Into the Mouth of the Cat: The Story of Lance Sijan, Hero of Vietnam
- First edition
- Author: Malcolm McConnell
- Language: English
- Subject: Biography
- Publisher: W. W. Norton
- Publication date: January 1985
- Publication place: United States
- Media type: Print (Hardcover)
- Pages: 252 pp (first edition)
- ISBN: 0-393-01899-7
- OCLC: 10996920
- Dewey Decimal: 959.704/348 B 19
- LC Class: U53.S55 M33 1985

= Into the Mouth of the Cat =

Into the Mouth of the Cat: The Story of Lance Sijan, Hero of Vietnam is a book written by Malcolm McConnell and copyrighted in 1985 by Norton publishers.

The book is based on the story of Lance Sijan who was a United States Air Force captain in the Vietnam War. On November 9, 1967, Sijan ejected from his F-4 Phantom II at high speed and at a low altitude, which caused him to suffer massive injuries to his body.

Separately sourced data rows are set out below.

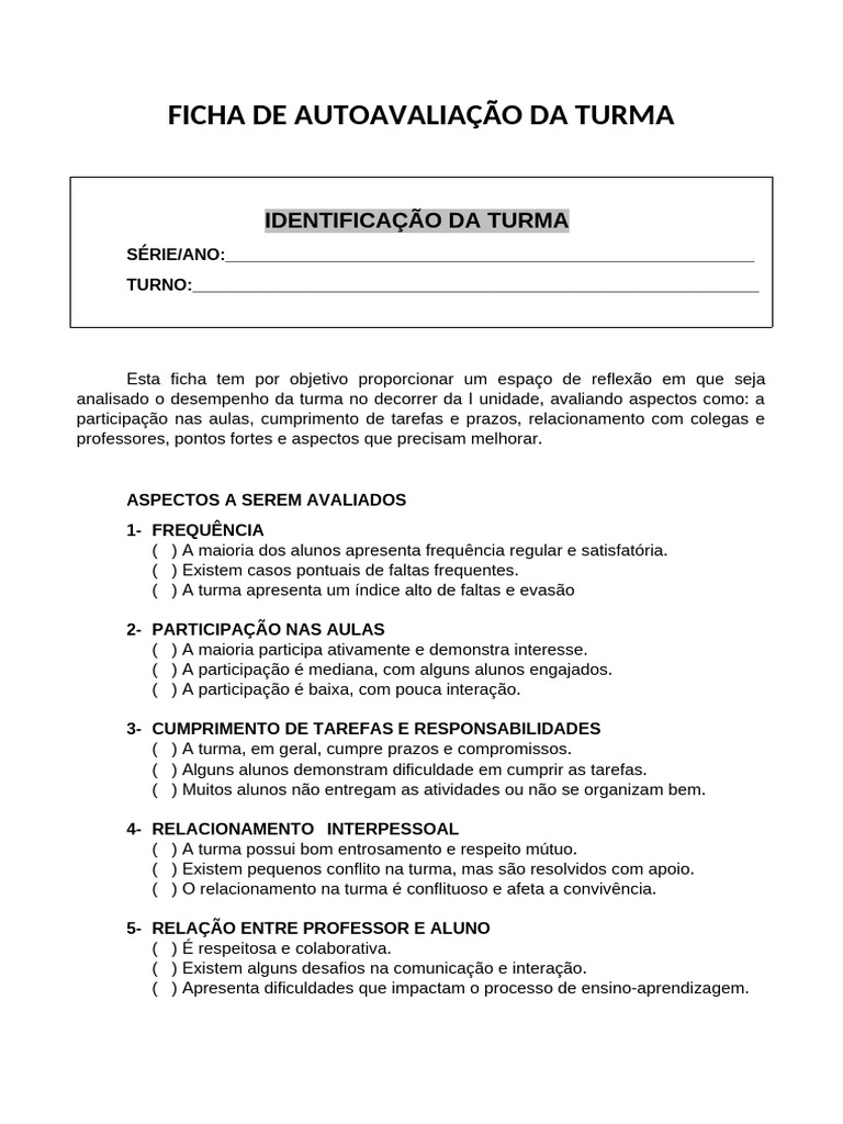 FICHA DE AUTOAVALIAÇÃO DA TURMA
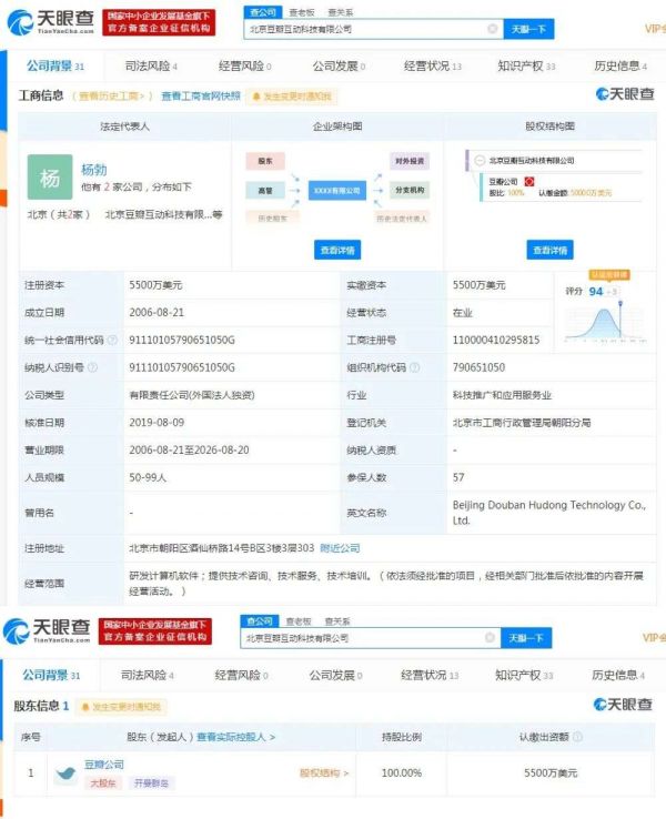 记者查询发现,豆瓣的主体公司为北京豆瓣互动科技有限公司,阿北为公司法人,该公司成立于2006年8月,注册资本5500万美元,唯一股东是一家注册在开曼群岛的境外公司。
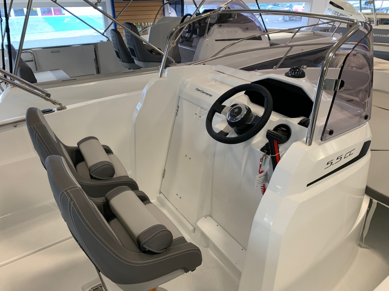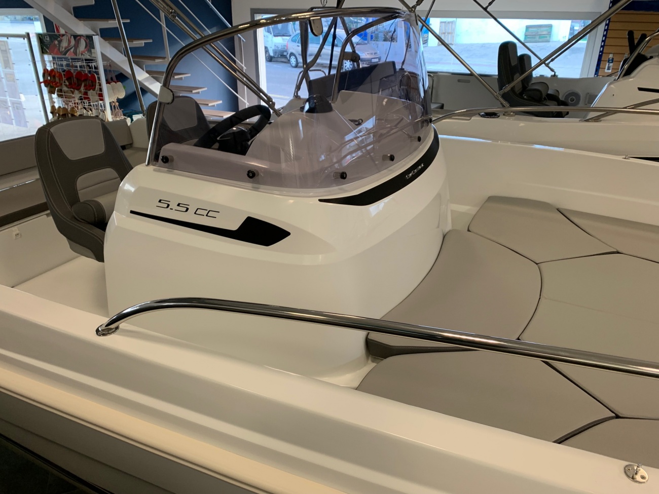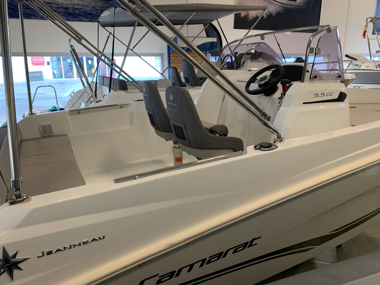 Fantástica embarcación Jeanneau Cap Camarat 5.5CC Serie 2 - OPORTUNIDAD reestreno, muy pocas horas de navegación y perfecto estado. El diseño del casco hace que la navegación se sienta segura y cómoda. Además, la distribución interior con el gran solarium en proa, y la práctica consola central junto con los asientos y banco trasero en popa, es ideal para salidas diarias, para la práctica de cualquier deporte náutico, salidas familiares o con amigos. Disfruta del mar con esta genial embarcación. Otras ventajas: se puede llevar con licencia de navegación, y no pasa inspección ITB al ser inferior a 6 mts de eslora.
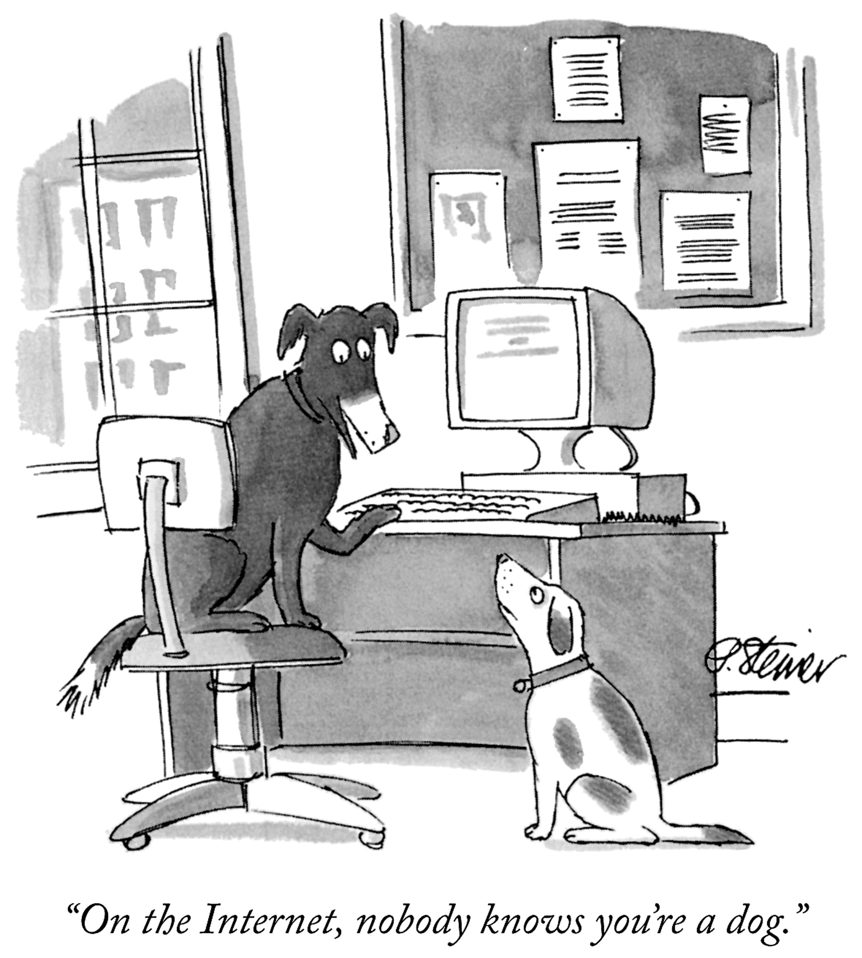 Peter Steiner, On the Internet, nobody knows you’re a dog, New Yorker, 1993
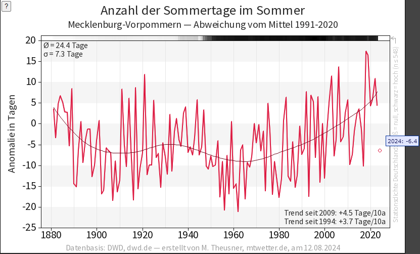 Die Abweichung zur langjährigen Anzahl der Sommertage von Juni bis August (1991-2020) beträgt für 2024 noch -6,4 Tage. Allerdings haben wir ja auch erst den 12. August.
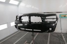 取り外したフロントバンパーとフロントスポイラーの傷をダブルアクションサンダーで平らに削り取り、サフェーサーを塗装します。 |
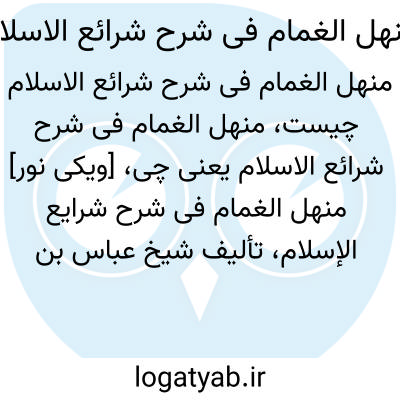 [ویکی نور] منهل الغمام فی شرح شرایع الإسلام، تألیف شیخ عباس بن شیخ حسن بن شیخ جعفر کاشف الغطاء(1253 - 1323ق)، از جمله شروح عربی کتاب «شرایع الإسلام فی مسائل الحلال و الحرام» محقق حلّی (602 - 676ق) است.

Upon waking the next morning, Sijan found that his left leg had a vertical splintering of the tibia known as a green tree fracture, his right hand was mangled with three of his fingers dislocated, and he had deep cuts and gashes in his forearms, and a severe head wound.

Sijan avoided and escaped capture for nearly six weeks while crawling through jungles eating nothing but various plants and bugs before he was captured. Even after being captured and going through harsh torture, Sijan escaped once again, only to again be captured. Sijan died two weeks later in a prisoner jail in Hanoi. He was posthumously awarded the Medal of Honor and a dormitory at his alma mater, the United States Air Force Academy, is named in his honor.